BI24_2010/20_DAL MONDO DELLA POLITICA. Giulio Gazzola: “Evento in diretta di ‘Gioventù Nazionale’, in occasione della conferenza sul futuro dell’Europa”

_Giulio Gazzola (Membro biellese di Gioventù Nazionale)
Il 9 maggio, prenderà avvio la Conferenza sul futuro dell’Europa, un grande ciclo di eventi promosso dalle istituzioni europee, che dialogheranno con gli Stati, i cittadini e le parti sociali. Il fine di questi dialoghi è raccogliere idee e proposte per una riforma dell’assetto istituzionale della UE in senso più democratico e rappresentativo, per una governance economica più efficiente, per la definizione di strategie comuni su immigrazione, ambiente, politiche di sicurezza, salute, digitalizzazione e soprattutto a proposito della politica estera dell’Unione nel mondo postpandemico. L’obiettivo è, dunque, rilanciare il progetto democratico europeo, incentivando la partecipazione dal basso e non precludendo una revisione dei Trattati.
Un’idea ambiziosa e sicuramente positiva, anche se poi dalla fase di dialogo e ascolto a quella di riforma vera e propria potrebbe cadere il castello retorico costruito dal trio Commissione-Consiglio#Parlamento. Ovviamente, ci auguriamo che ciò non accada.
È evidente che questo evento, che in Italia purtroppo sta passando molto in sordina, può avere una portata storica determinante e quindi abbiamo deciso di trattare questi temi attraverso un dibattito in diretta sulla pagina Facebook di Magnete, giornale online di Gioventù Nazionale, lunedì maggio alle 21.15. Avrò l’onore di moderare questa serata, nella quale interverranno l’On. Carlo Fidanza, capodelegazione di Fratelli d’Italia al Parlamento europeo, il prof. Alessandro Mangia, ordinario di diritto costituzionale all’Università Cattolica di Milano, e Angelo Polimeno Bottai, vicedirettore del TG1 e autore di libri sull’euro e le politiche economiche della UE.

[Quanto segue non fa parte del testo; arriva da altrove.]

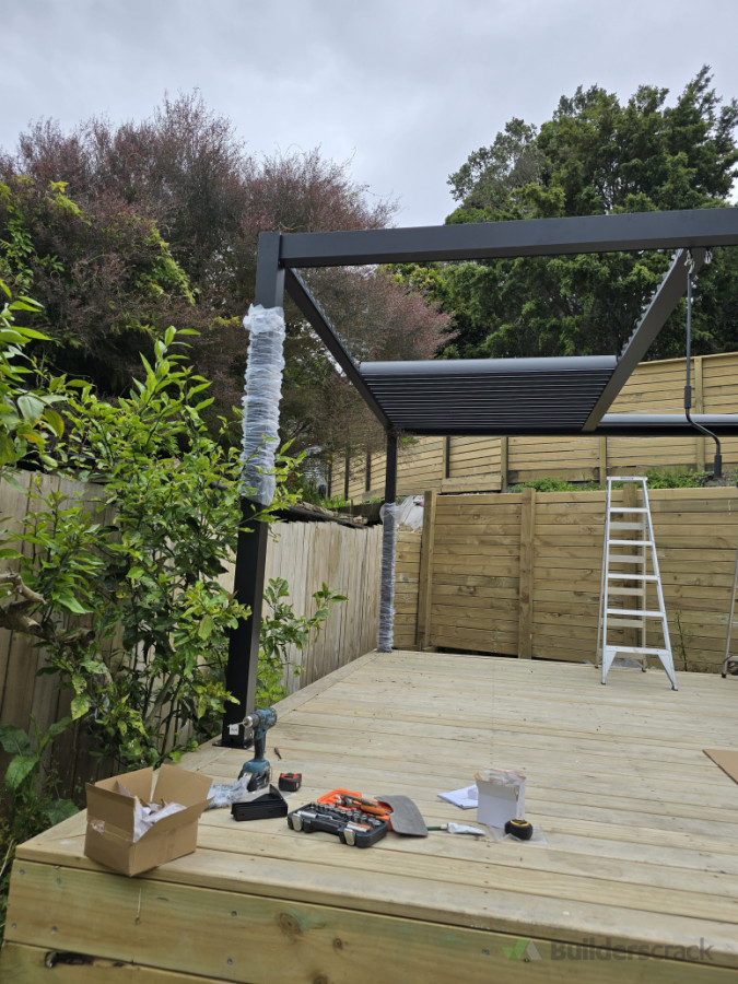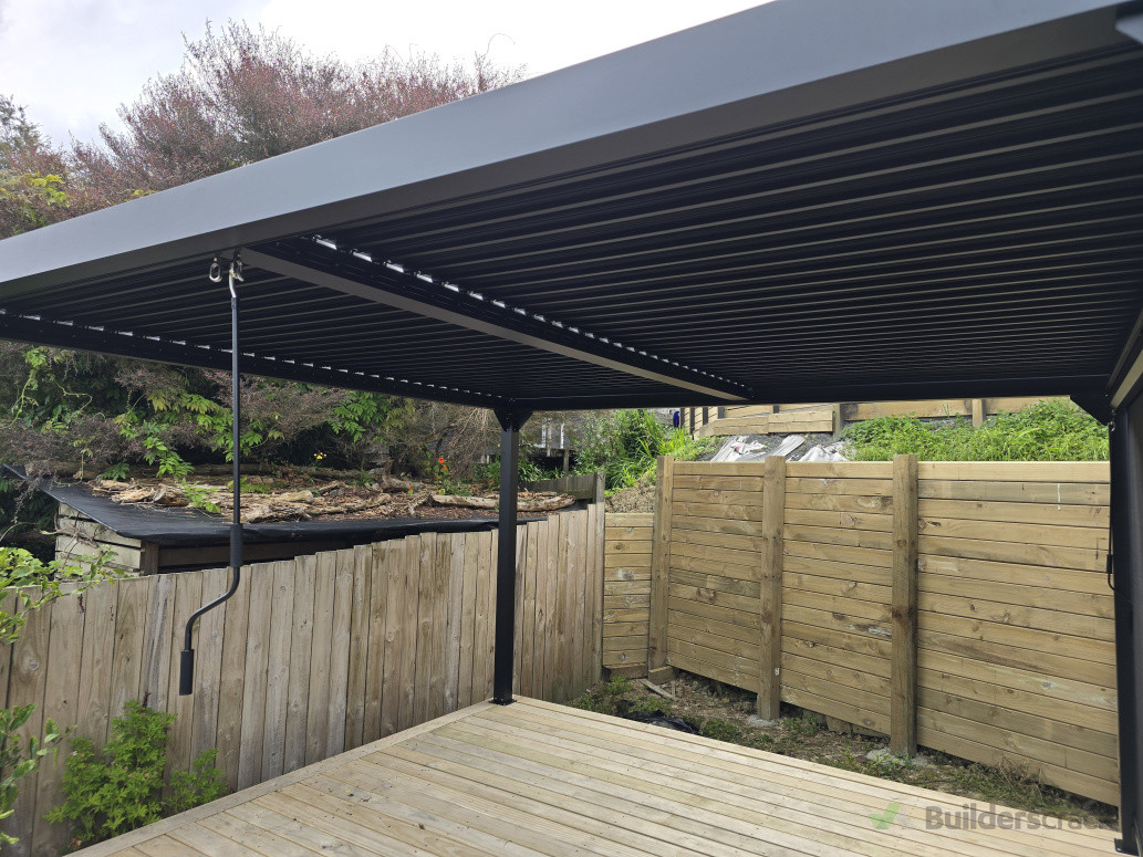 Louvre roof system 4m*4m Black with louvre mesh screen
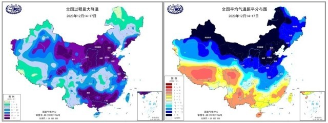 12月14-17日全國(guó)大部降溫迅猛(左)氣溫遠(yuǎn)低于歷史同期(右,“距平”為實(shí)測(cè)數(shù)據(jù)與歷史同期之差)

In apertura porterà i suoi saluti Francesco Di Giuseppe, vicepresidente di Gioventù Nazionale. Vogliamo approcciarci al tema tenendoci ugualmente ben distanti dalle opposte cosiddette “retorica del successo” e “retorica dell’insuccesso”, che sono semplificazioni controproducenti per chi voglia trattare seriamente il problema del futuro della costruzione europea. Adotteremo invece un approccio certamente critico, poiché non è possibile far finta di non vedere che l’architettura istituzionale della UE è farraginosa e inefficiente e presenta un grado di democraticità e rappresentatività veramente basso; o che il sistema della moneta unica ha evidenti difetti genetici e soprattutto una governance schiava del mito dell’austerità espansiva, che impedisce l’adozione di politiche strategiche per gli Stati membri, e priva di strumenti sovranazionali necessari per la messa in atto di politiche strategiche per il complesso di essi; o ancora che mancano strategie comuni sui più svariati temi, il che è stato evidente con la crisi migratoria ed è evidente ora nel contesto pandemico, ma che è evidente ogniqualvolta si verifichi una situazione di tensione geopolitica: in un mondo in cui l’influenza geopolitica si esercita più con strumenti di soft power che di hard power, è possibile che la più potente arma diplomatica, il commercio, sia ambito di competenza esclusiva della UE, quando manca del tutto una strategia unitaria di politica estera, una visione geopolitica comune ai 27?
L’Unione Europea come è stata conformata dai vari Trattati di Maastricht, Amsterdam e Lisbona, evidentemente non ha funzionato e l’esempio del Regno Unito, che, uscito dalla UE, ha organizzato una rapida campagna vaccinale e ha in previsione un’importante ripresa economica può ridare voce alle istanze antieuropeiste. L’Unione Europea, se vuole sopravvivere, necessita di una vera e propria rivoluzione, a partire, appunto, dall’architettura istituzionale e dalla governance economica. Lunedì sera, con ospiti di eccezione, cercheremo di capire in cosa debba consistere questa rivoluzione e se vi sono le possibilità per cui si verifichi.